Here we will create a function that can automatically take a dataset with specified NUTS regions and infer the version year.

In [None]:
%run ../notebook_preamble.ipy

In [None]:
from collections import defaultdict
import geopandas as gpd
import os
from itertools import chain

nuts_years = np.array([2003, 2006, 2010, 2013, 2016])

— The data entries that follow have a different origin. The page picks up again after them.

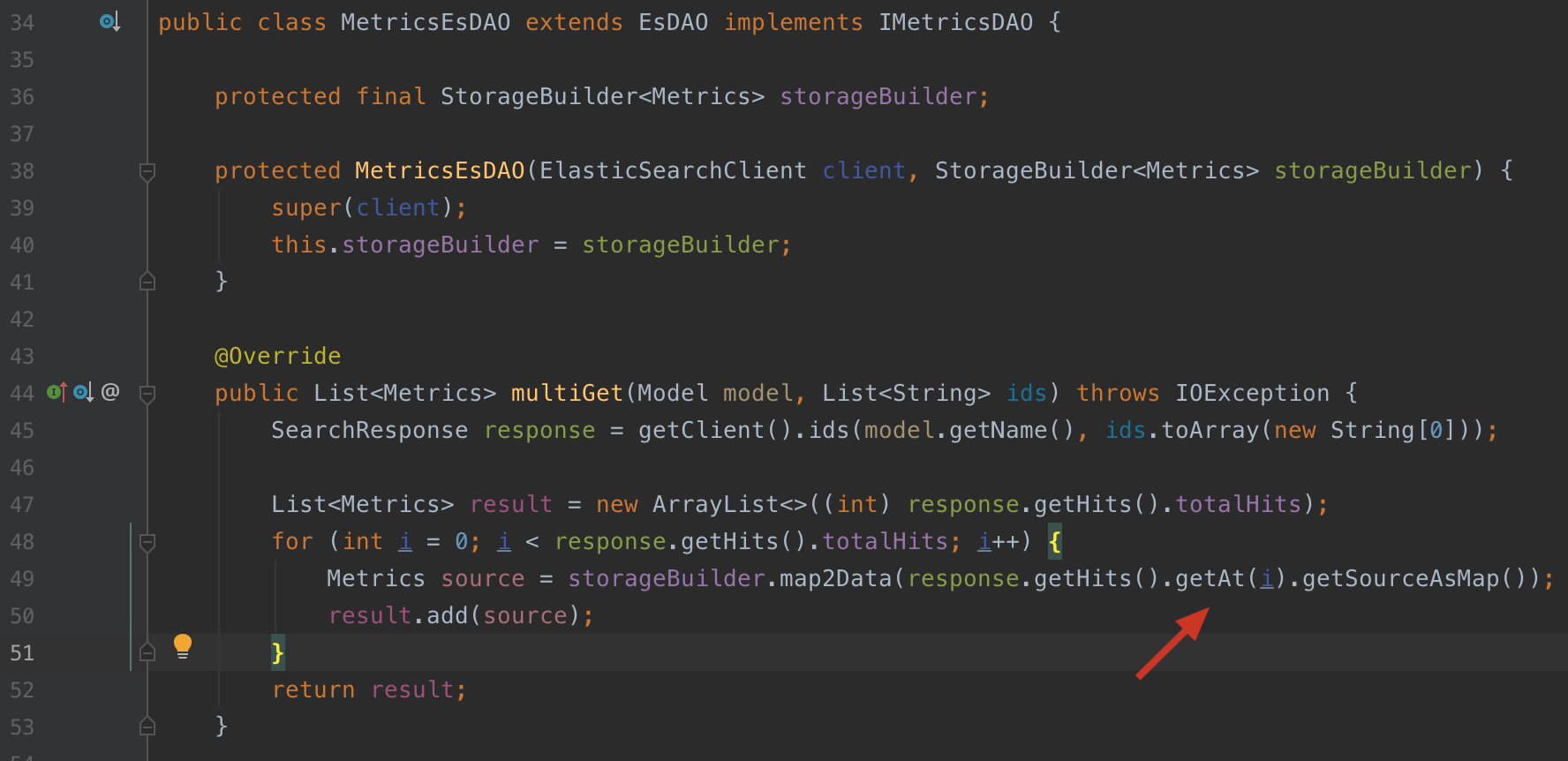 There will throw an exception,many features will not be available.   Change line 48 can make the code robust ``` for (int i = 0; i < response.getHits().getHits().length; i++) {} ``` ---------------------------------------------------------------- This is an automated message from the Apache Git Service. To respond to the message, please log on to GitHub and use the URL above to go to the specific comment. For queries about this service, please contact Infrastructure at: [email protected]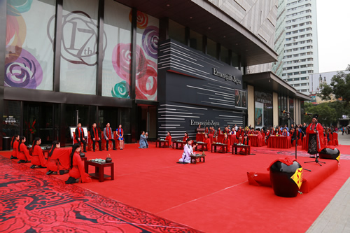 國芳集團(tuán)十七周年司慶大型文化活動(dòng)——漢式迎賓禮于9月3日上午8時(shí)30分,在國芳百貨正西門正式上演。除集團(tuán)各分子公司管理人員外,還邀請(qǐng)了與國芳集團(tuán)合作多年的數(shù)十名供應(yīng)商代表一同出席此活動(dòng)。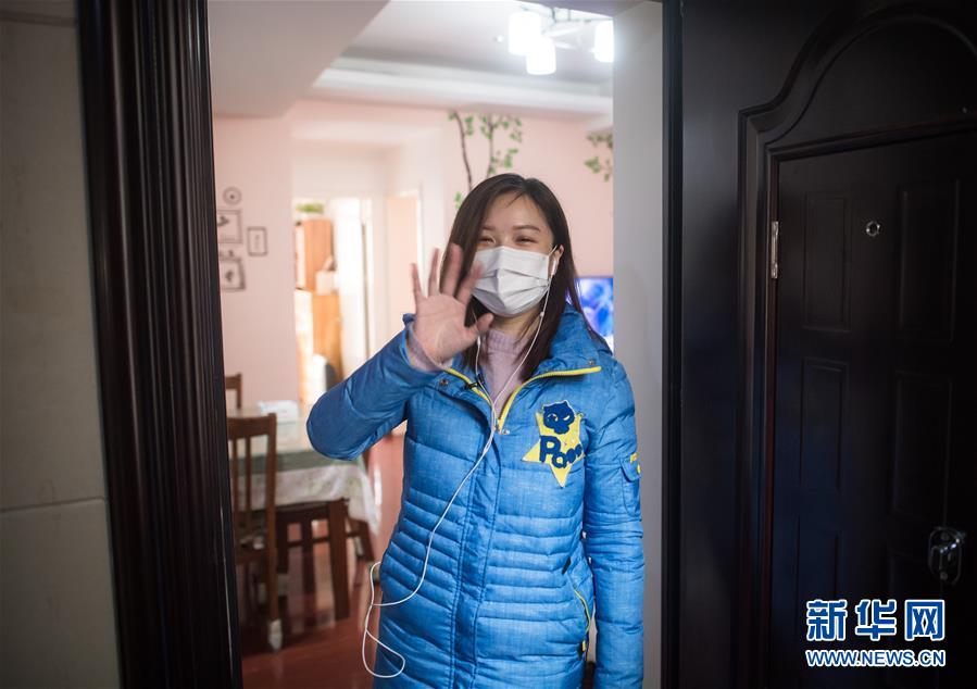 3月12日,黎婧到家后與小區(qū)網(wǎng)格員揮手告別。 3月12日,插畫師黎婧和84位病友離開自己居住的武漢軟件工程職業(yè)學(xué)院康復(fù)驛站,回到自己家中。他們都是治愈出院的新冠病毒肺炎患者,已經(jīng)在武漢軟件工程職業(yè)學(xué)院康復(fù)驛站進(jìn)行了14天醫(yī)學(xué)觀察,達(dá)到醫(yī)學(xué)標(biāo)準(zhǔn),成功解除隔離。他們由專車運(yùn)送至所屬社區(qū)附近的集散點(diǎn)后,在社區(qū)工作人員的陪同下回家。 新華社記者 肖藝九 攝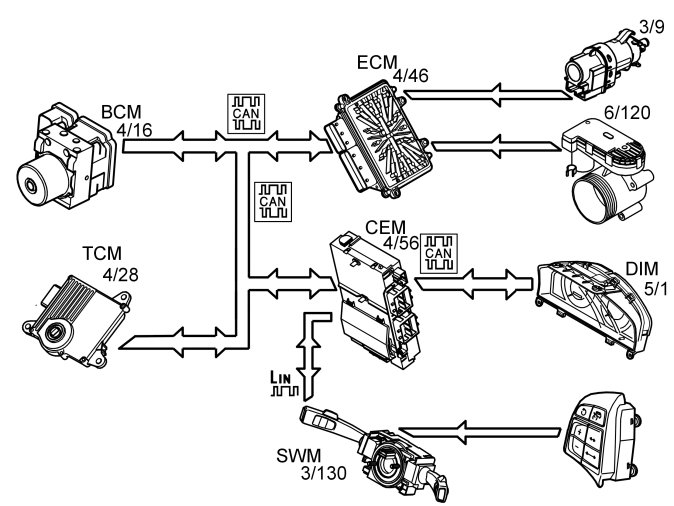 - the steering wheel module (SWM) (3/130) (cruise control buttons), communicates with the central electronic module (CEM) (4/56) via LIN communication.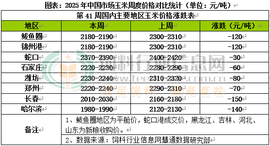 39、隨著新作玉米收割進度加快,而進口國需求放緩,烏克蘭玉米價格已跌至2025年內最低水平。10月6日,烏克蘭玉米FOB報價為213美元/噸,裝船日期11月3日至17日,低于8月6日的241美元/噸,意味著兩個月內下跌了28美元/噸。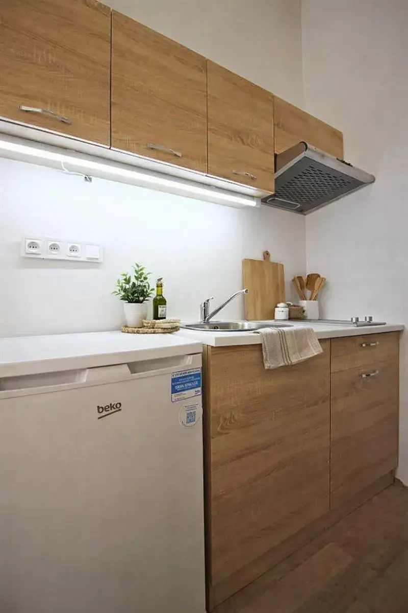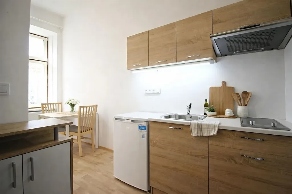Byt je plně zařízený; kuchyňský kout je vybavený spotřebiči varná deska, digestoř, lednička a jídelní stůl se židlemi.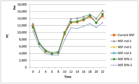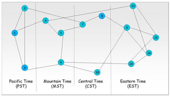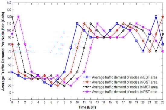 The base evaluated network model is the NSF network, as illustrated in Figure 2, and consists of 14 nodes located in different states of the United States (US) with 21 bi-directional links and with an average shortest path of 2.175. As depicted in Figure 2, the nodes of the NSF are in four time zones: Eastern Standard Time (EST), Central Standard Time (CST), Mountain Standard Time (MST), and Pacific Standard Time (PST). There is a one hour difference between every two adjacent time zones. During the day and night, different nodes experience different traffic loads. Figure 9 illustrates the traffic load in Gb/s between all node pairs for a period of 24 h. The traffic is generated using a gravity model based on the population of the city where the node is located [14]. The average traffic load between node pairs varies between 20 to 120 Gb/s, and the peak occurs at 22:00.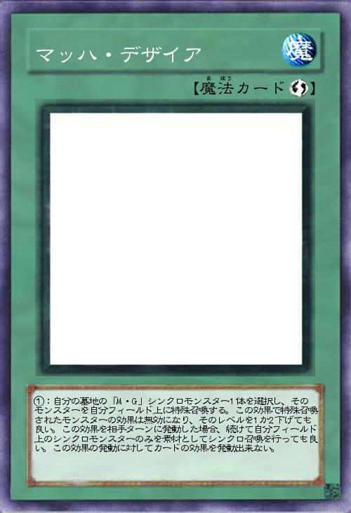 | ①:自分の墓地の「M・G」シンクロモンスター1体を選択し、そのモンスターを自分フィールド上に特殊召喚する。この効果で特殊召喚されたモンスターの効果は無効になり、そのレベルを1か2下げても良い。この効果を相手ターンに発動した場合、続けて自分フィールド上のシンクロモンスターのみを素材としてシンクロ召喚を行っても良い。この効果の発動に対してカードの効果を発動出来ない。 | |||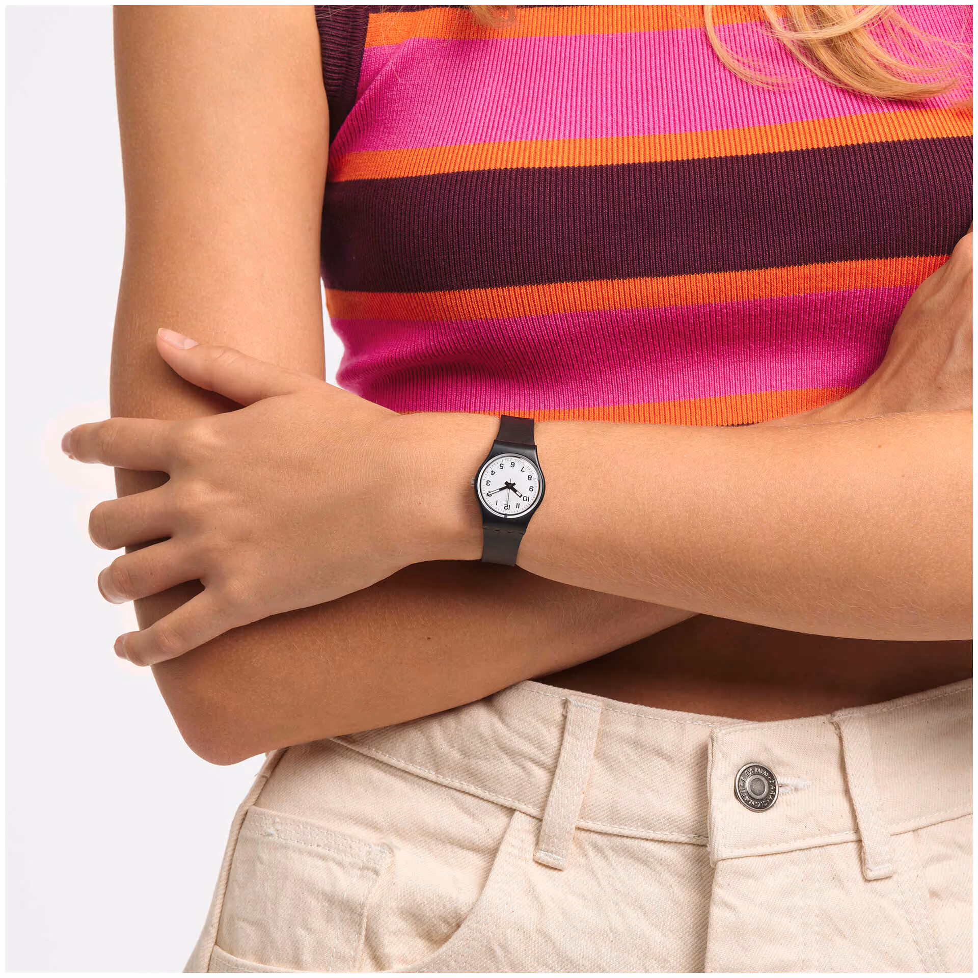 Classico ed elegante, presenta il cinturino nero in plastica che è perfettamente coordinato alla cassa e alla stampa sul quadrante bianco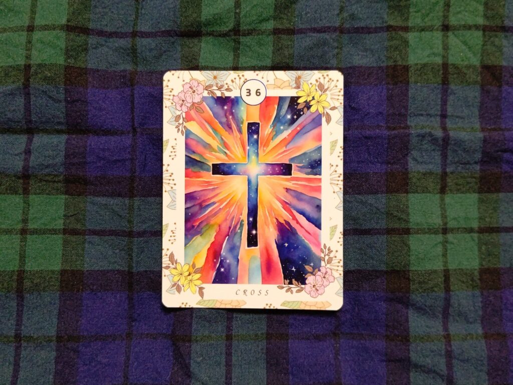 朝の十字架はまるで当たってなかったけど、もしかしたらイメージをちゃんとしなかったせいで、相応の適当なカードが出たかなと思いました。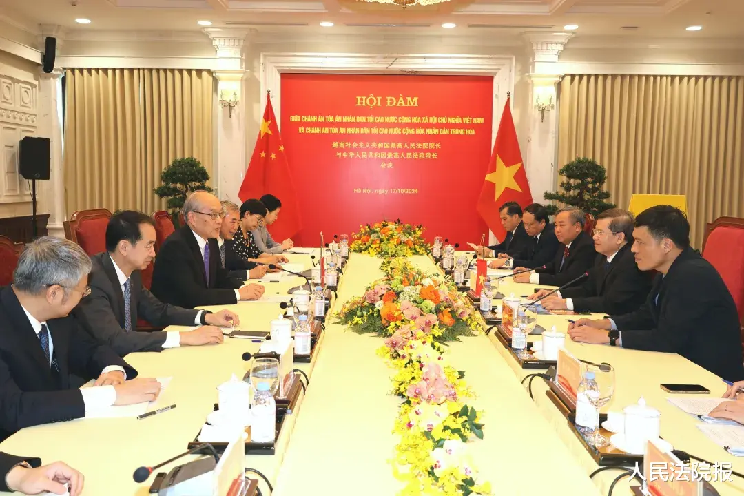 张军向陈青敏、阮和平介绍了中国共产党二十届三中全会有关情况,围绕共同感兴趣的数字法院建设、国际商事纠纷多元化解、环境资源审判等介绍了中国法院的做法。张军表示,近年来,在习近平新时代中国特色社会主义思想指引下,中国法院深入贯彻习近平法治思想,积极探索人工智能在司法领域的应用,部署推进数字法院建设,促推审判质效明显提升。希望在两党两国领导人的战略引领下,与越南法院进一步深化交流互鉴,为高质量共建“一带一路”提供有力司法服务,为推动中越命运共同体建设贡献更多司法力量。
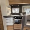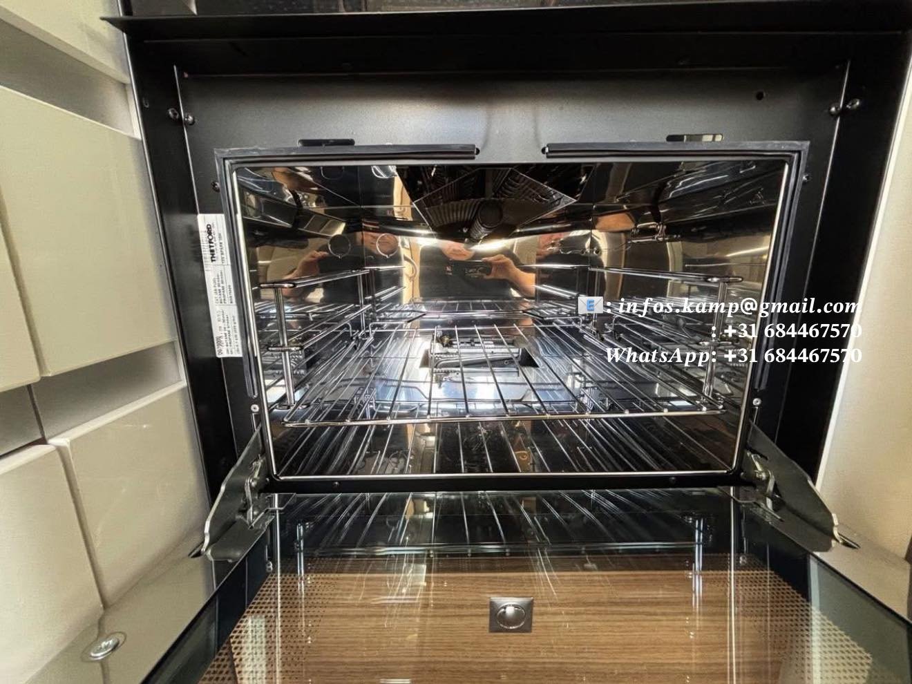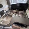 Cuisine équipée : four à gaz, ventilateur de cuisine, grand plan de travail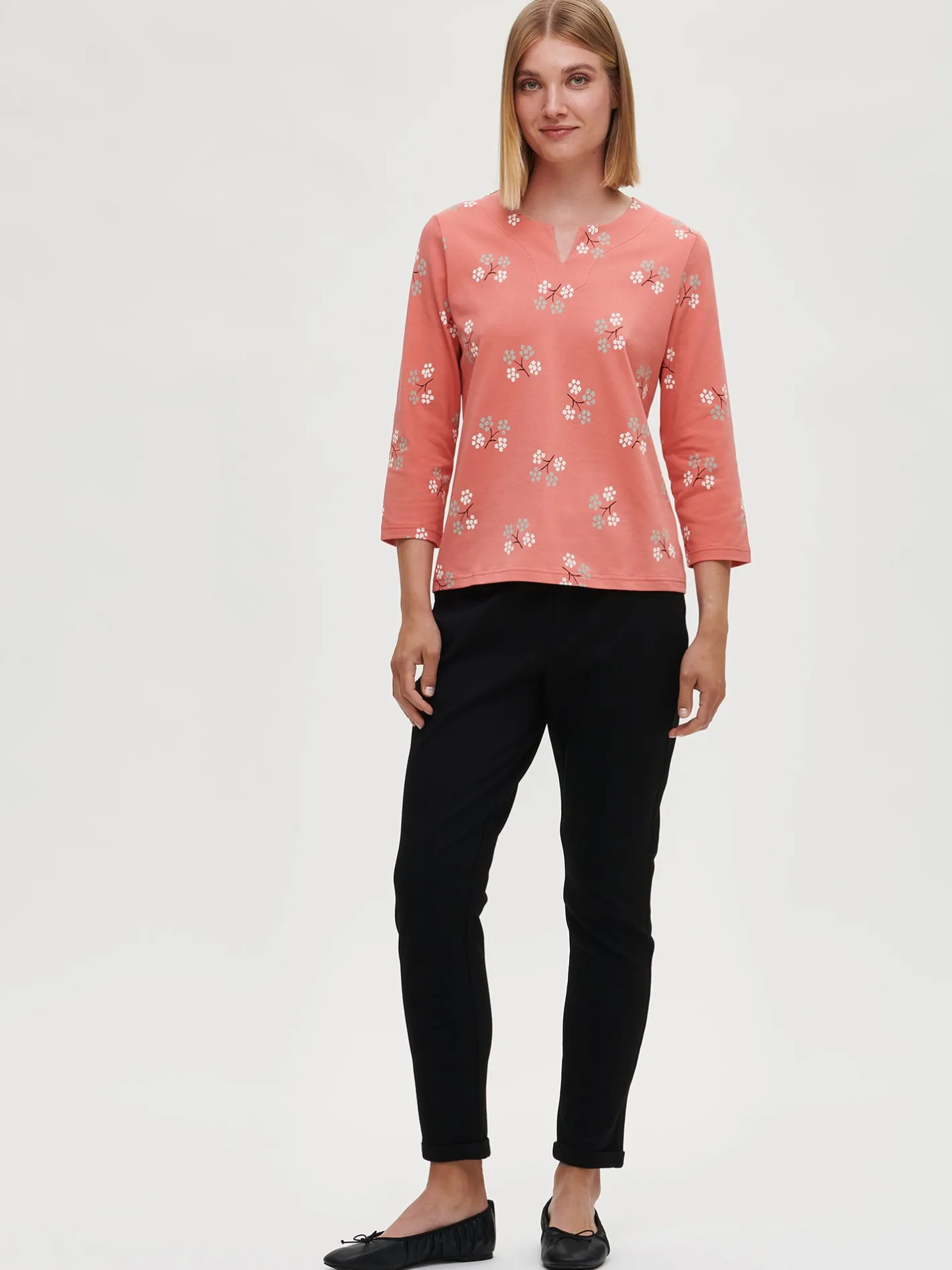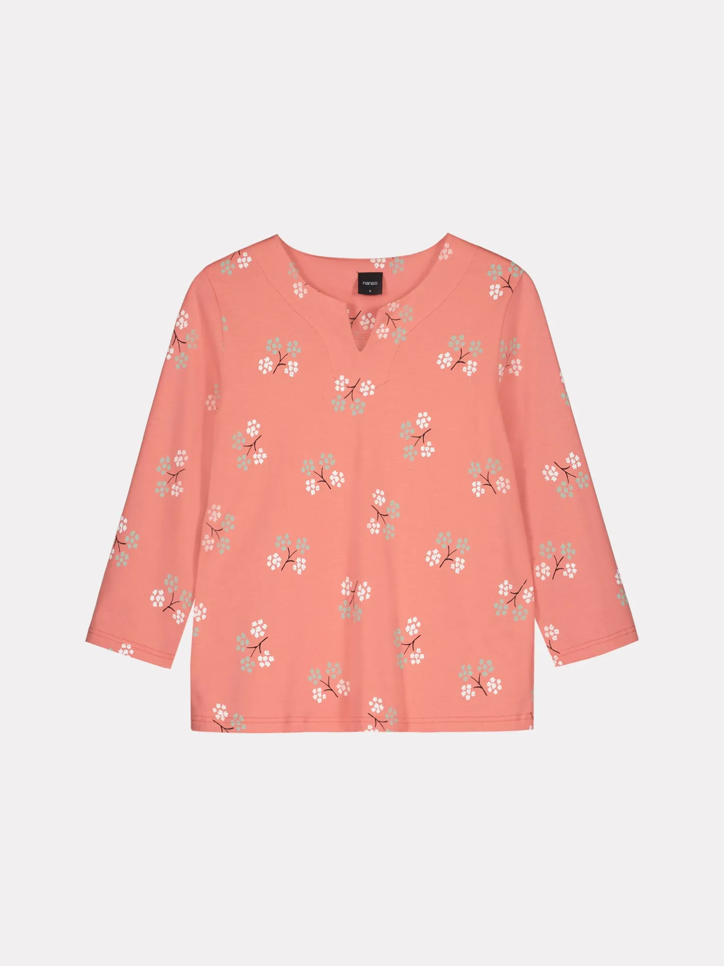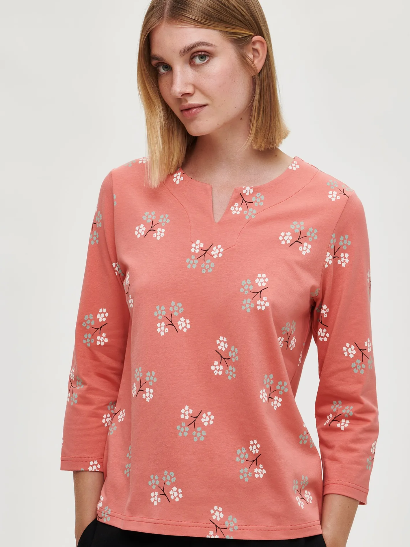 Naisten kuosillinen koralli Pikku Cassia-pusero. Puserossa on alavaralla viimeistelty pyöreä pääntie, jonka edessä on halkio. Puserossa on 3/4 pituiset hihat ja helma on suora. Puseron pituus koossa M on noin 64 cm. Materiaali on miellyttävää ja joustavaa puuvilla-elastaani-neulosta.

Modelled data for air pollution across the UK is compiled by DEFRA. The values are obtained by using the data from monitoring stations and using atmospheric modelling to interpolate the data to a 1km by 1km grid across the whole country.

In [None]:
nuts_ids = {}

for nuts_year in  nuts_years:
    file = f'{data_path}/raw/gis/eurostat/NUTS_RG_01M_{nuts_year}_4326_LEVL_2.shp/NUTS_RG_01M_{nuts_year}_4326_LEVL_2.shp'
    eu_regions = region = gpd.read_file(file)
    nuts_ids[nuts_year] = set(eu_regions[eu_regions['CNTR_CODE'] == 'UK']['NUTS_ID'].values)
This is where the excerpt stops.